The residual stream revelation: why KV cache may be theoretically unnecessary
Every team running LLM inference at scale has the same conversation. Someone opens a memory profiler, sees the KV cache consuming most of the GPU memory budget, and asks: can we make this smaller? Then come the follow-up questions — quantize it, evict it, compress it, page it, offload it to CPU. The conversation is always about how to manage the cache, never about whether the cache stores something genuinely irreplaceable.
A March 2026 paper (arXiv:2603.19664) asks the question nobody was asking: is the information in the KV cache actually new? The answer — rigorously proven and empirically validated across four model families — is no.
TL;DR
The KV cache is theoretically redundant. Keys and values at every transformer layer are deterministic projections of the residual stream, which means they can be reconstructed bit-identically at any point. Recomputing K and V from checkpointed residuals produces 100% identical outputs under greedy decoding, with 27x less memory per token on Gemma 3-4B. This doesn’t mean the cache is obsolete — it means speed and information are decoupled, opening new design spaces for bounded-memory inference that the field hasn’t explored. For the broader context on memory management at the application layer, see context window management.
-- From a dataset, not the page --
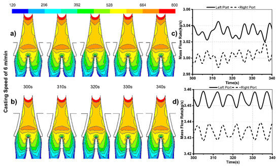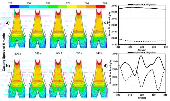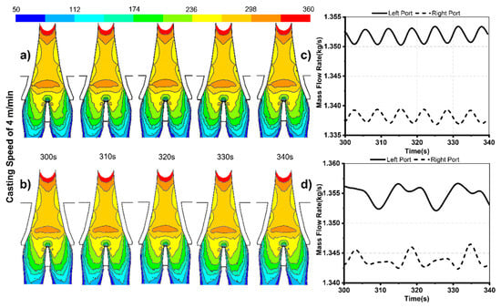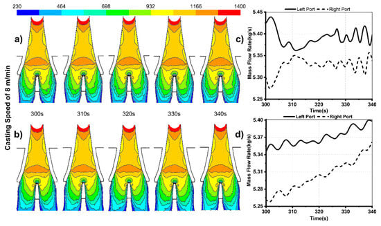 Dynamic pressure contour (Pa) in a central symmetrical original nozzle at an 8 m/min casting speed and mass flow monitoring for each port. (a,c) 22 cm immersion; (b,d) 34 cm immersion.

What is the residual stream, and why does every layer write to it?
The residual stream is the running state vector that flows through every transformer layer. When you feed a sequence of tokens to a transformer, each token starts as an embedding. From there, every layer reads from that vector, computes something, and adds its result back. The output of layer N becomes the input to layer N+1.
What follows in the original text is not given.